From the material below, return exactly the lines starting at the one that holds "Beep, Honk, Shout" and ending at the one that holds "Praktisch banketbakkersspuitmondje in". Pictures stay out of the answer.

** Stored data follows **

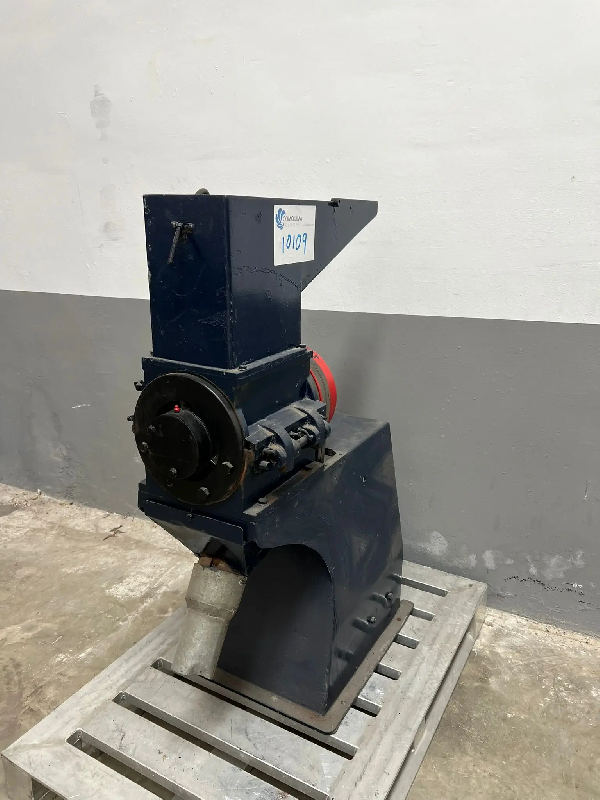 Broyeur à couteaux fabriqué par MATEU & SOLE avec une puissance de 3 CV.Longueur du tamis : 250 mmVitesse du moteur : 1420 tr/minVitesse maximale du broyeur : 700 tr/min
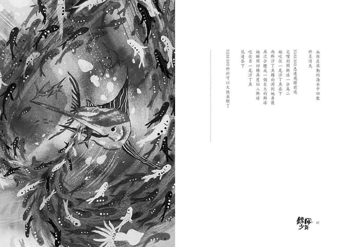 我的小說《鏢風少年》主角是一尾被研究人員編號為S161103的立翅旗魚,牠隨著季風而來,順著黑潮洄游,在臺灣東部海岸,遇見了鏢旗魚的達人老船長和他的叛逆孫子阿風,遇見了研究旗魚的阿全教授和他的學生阿鏢哥哥,遇見了牠生命裡不可思議的兩次抽離大海。
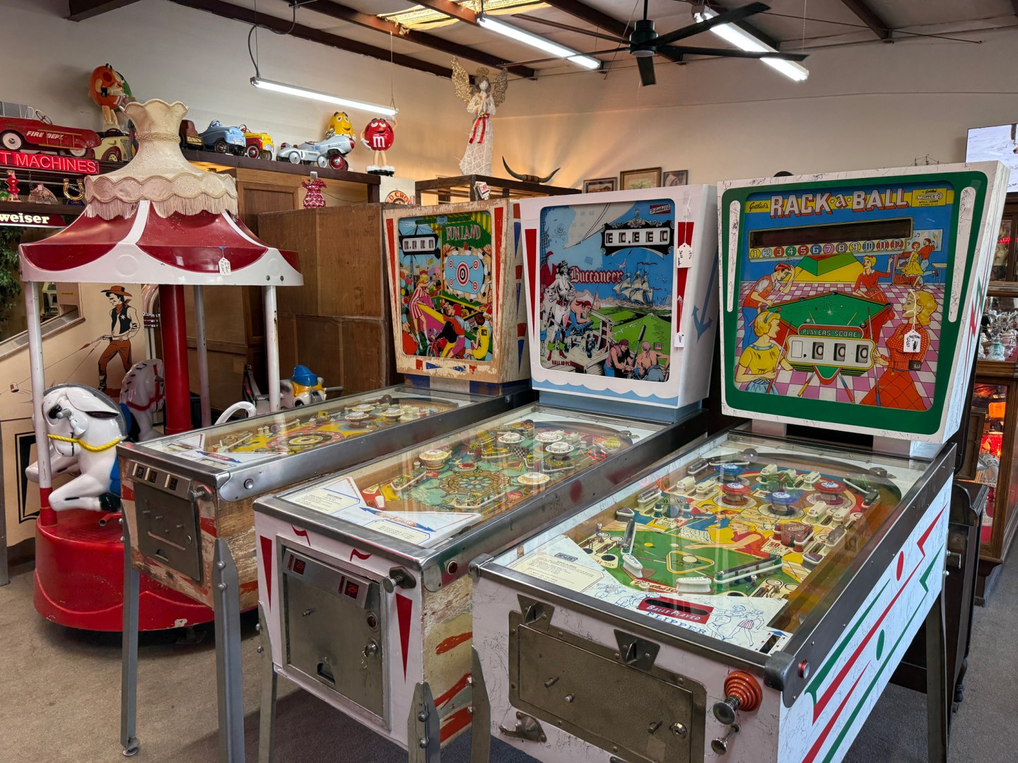 Arcade games, slot machines, and restored clocks
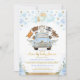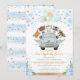 Beep, Honk, Shout and Wave! Invite your guests for a drive by baby shower with this adorable invitation featuring blue & gold hearts confetti, watercolor flowers and adorable woodland animals in a cute blue car
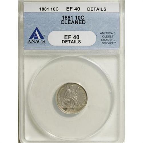 <B>1881 10C --Cleaned--ANACS. XF40 Details.</B></I> NGC Census: (0/54). PCGS Population (4/61). Mintage: 24,000. Numismedia Wsl. Price for NGC/PCGS coin in XF40: $300. (#4689)<BR><BR><B>Coin Engraver:</B> Christian Gobrecht<BR><BR><b>Shipping:</b> Coins & Currency (<a target="_blank" href="http://www.heritageauctions.com/common/shipping.php">view shipping information</a>)
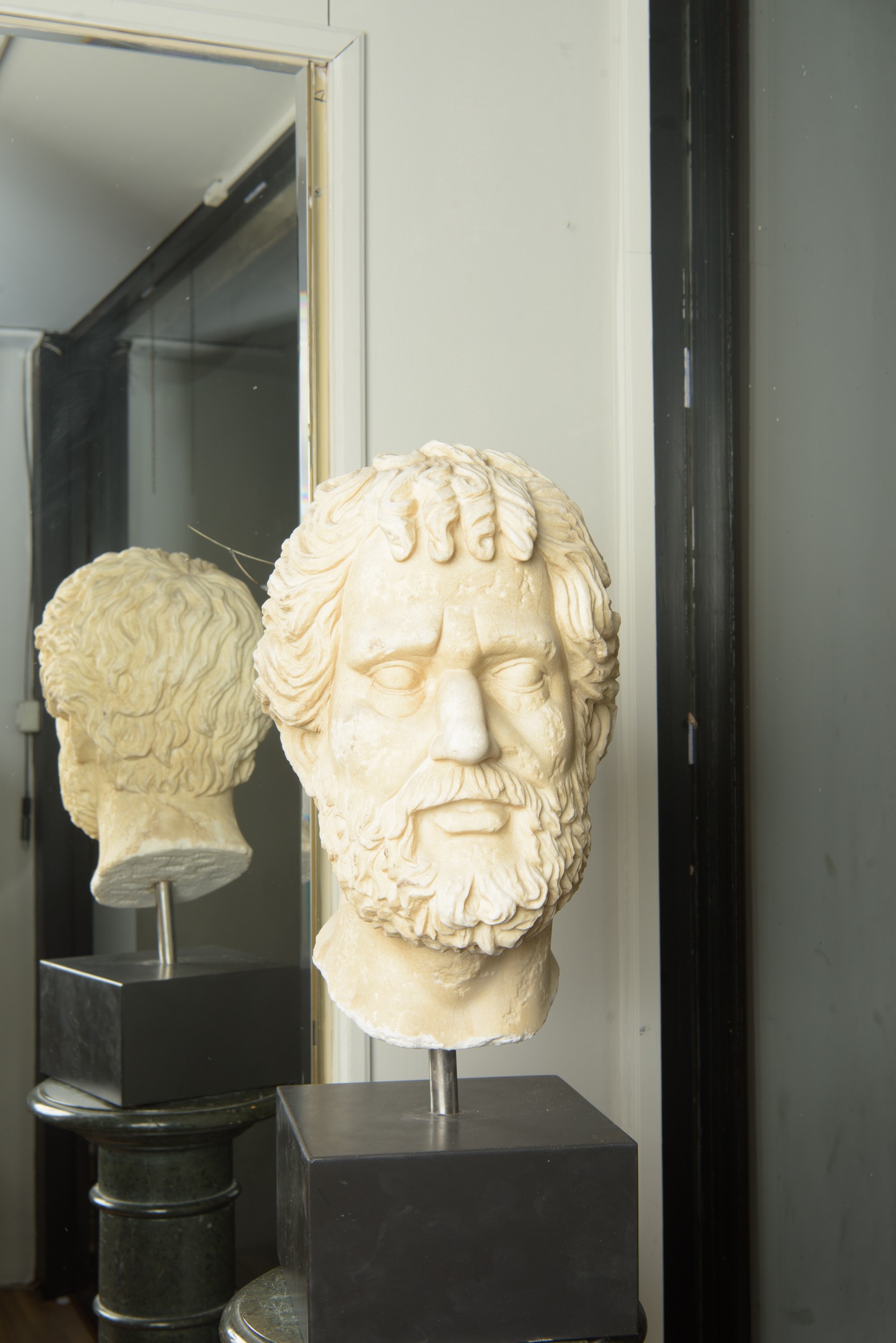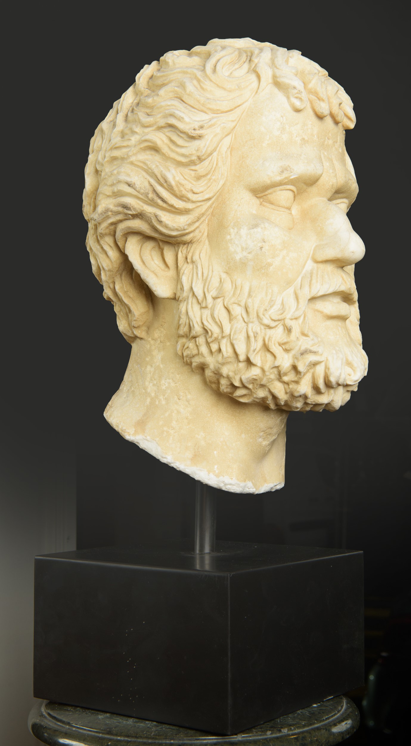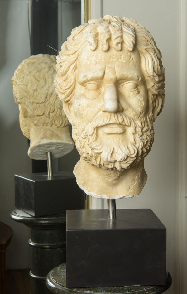 Scultura in marmo bianco raffigurante testa maschile barbata, ispirata ai modelli della ritrattistica greco-romana di età classica. Poggiante su basamento metallico non coevo.
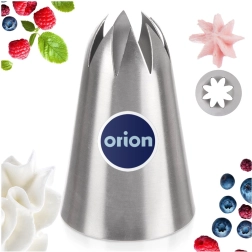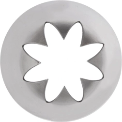 Praktisch banketbakkersspuitmondje in bloemvorm van hoogwaardig roestvrij staal voor eenvoudig en effectvol decoreren van taarten, gebak en cupcakes. Dankzij de stevige constructie is het duurzaam en voedselveilig, past op de meeste spuitzakken en is vaatwasmachinebestendig.
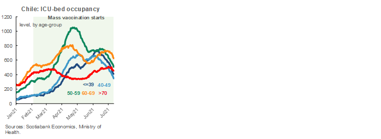 Following a decrease in new cases and hospitalizations related to COVID-19 (chart 1), on July 8th Chilean authorities announced adjustments to the “Paso a Paso” plan reducing mobility restrictions for fully vaccinated individuals. Capacity restrictions on certain activities were also updated, providing increased flexibility in the operation of restaurants, gyms and cinemas and reducing curfew hours, depending on the level of infections and vaccination by region.
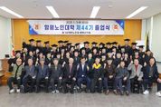 (포탈뉴스통신) 전남 함평군 제44기 노인대학이 9개월간의 배움의 여정을 마무리하며 활기찬 노년문화 확산에 앞장서고 있다. 함평군은 14일 “제44기 노인대학 졸업식이 지난 어르신 졸업생 44명이 참석한 가운데 대한노인회 함평군지회 대강당에서 성황리에 마무리됐다”고 밝혔다. 함평군 노인대학은 (사)대한노인회 함평군지회(지회장 조용무)가 지역 어르신들이 잠재능력을 개발하고 폭넓은 교양과 지식을 습득해 활기차고 행복한 노년을 보낼 수 있도록 운영 중인 ‘평생학습’ 프로그램이다. 교양, 건강관리, 문화예술 등 다채로운 강좌를 통해 어르신들의 건전한 여가선용과 평생학습의 장으로 자리매김했으며, 세대 간 소통과 지역사회 참여 확대에도 기여하고 있다. 특히, 3월 개강한 제44기 노인대학은 지난 한 해 동안 배움의 열정을 이어온 어르신들의 노력이 결실을 맺는 자리로, 노인대학이 지역 평생교육의 중심 역할을 하고 있음을 보여줬다. 이날 졸업식에는 이상익 함평군수, 조용무 (사)대한노인회 함평군지회장을 비롯한 임원 및 졸업생 가족 등 60여 명이 참석해 졸업생들의 새로운 출발을 축하했다.
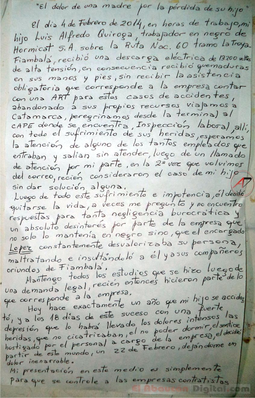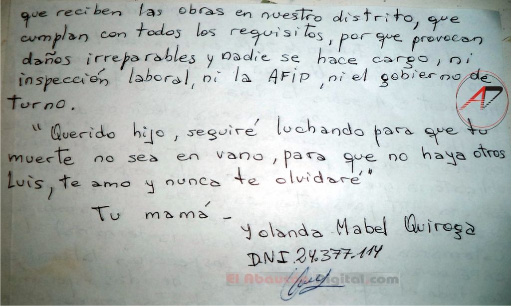 vano, para que no haya otros Luis. Te amo y nunca te olvidaré”. Tu mamá…
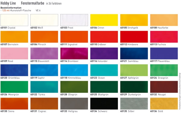 - 8 Farbtöne Window Color C2 je 125 ml (Kontur Schwarz, Weiß, Cognac, Apfelgrün, Citron, Pfirsich, Himbeere, Saphir)
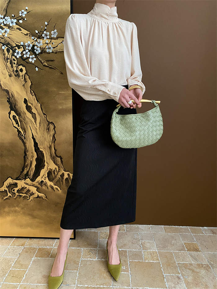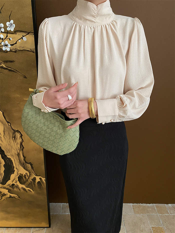 シアースリーブ ドッキングシャツ ボウタイシャツブラウス
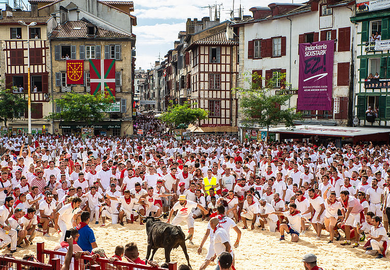 Betidanik, Baionako lagun taldeak San Andres en elkartzen dira ganaduari aurre egiteko. Behiaren inguruan korrika egitea, hura saihestea, makurtzea, salto egitea, baina animalia errespetatzea da ohikoen kredoa. Atzerritar sinesgaitz asko jolasean hartzen dira eta haien zortea adarretatik ahalik eta hurbilen izaten saiatzen dira. Komeni da gogoan izatea arriskua beti hor eta etengabe dagoela, abiadura betean dagoen 250 kilotik gorako behi batek kalte handiak eragin baititzake. Kontuz ibili !
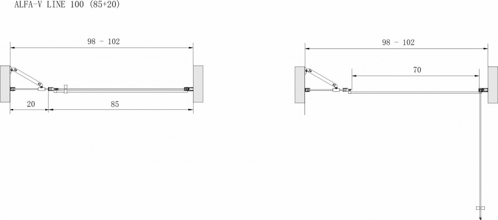 ALFA-V LINE Chrom 100 Čiré Sprchové dveře jednokřídlé s pevnou stěnou v rovině (85+20) WellMall
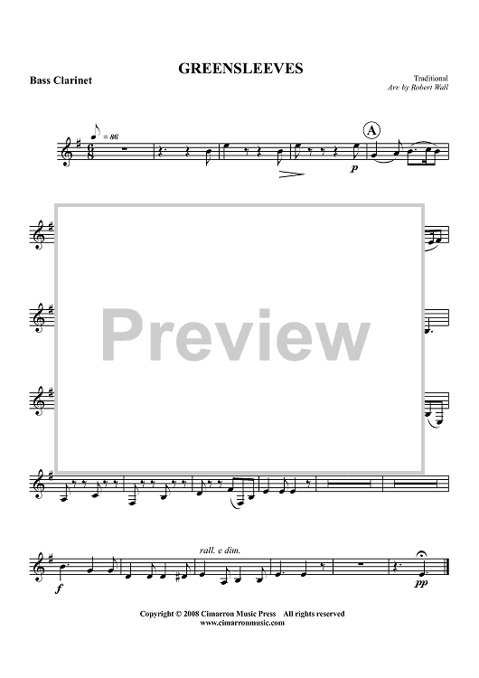 Digital Sheet Music for Greensleeves - Bass Clarinet by Traditional, Robert Wall scored for Woodwind Ensemble; id:416558

** End of Stored data **

--- Expected answer ---
 Beep, Honk, Shout and Wave! Invite your guests for a drive by baby shower with this adorable invitation featuring blue & gold hearts confetti, watercolor flowers and adorable woodland animals in a cute blue car
 <B>1881 10C --Cleaned--ANACS. XF40 Details.</B></I> NGC Census: (0/54). PCGS Population (4/61). Mintage: 24,000. Numismedia Wsl. Price for NGC/PCGS coin in XF40: $300. (#4689)<BR><BR><B>Coin Engraver:</B> Christian Gobrecht<BR><BR><b>Shipping:</b> Coins & Currency (<a target="_blank" href="http://www.heritageauctions.com/common/shipping.php">view shipping information</a>)
 Scultura in marmo bianco raffigurante testa maschile barbata, ispirata ai modelli della ritrattistica greco-romana di età classica. Poggiante su basamento metallico non coevo.
 Praktisch banketbakkersspuitmondje in bloemvorm van hoogwaardig roestvrij staal voor eenvoudig en effectvol decoreren van taarten, gebak en cupcakes. Dankzij de stevige constructie is het duurzaam en voedselveilig, past op de meeste spuitzakken en is vaatwasmachinebestendig.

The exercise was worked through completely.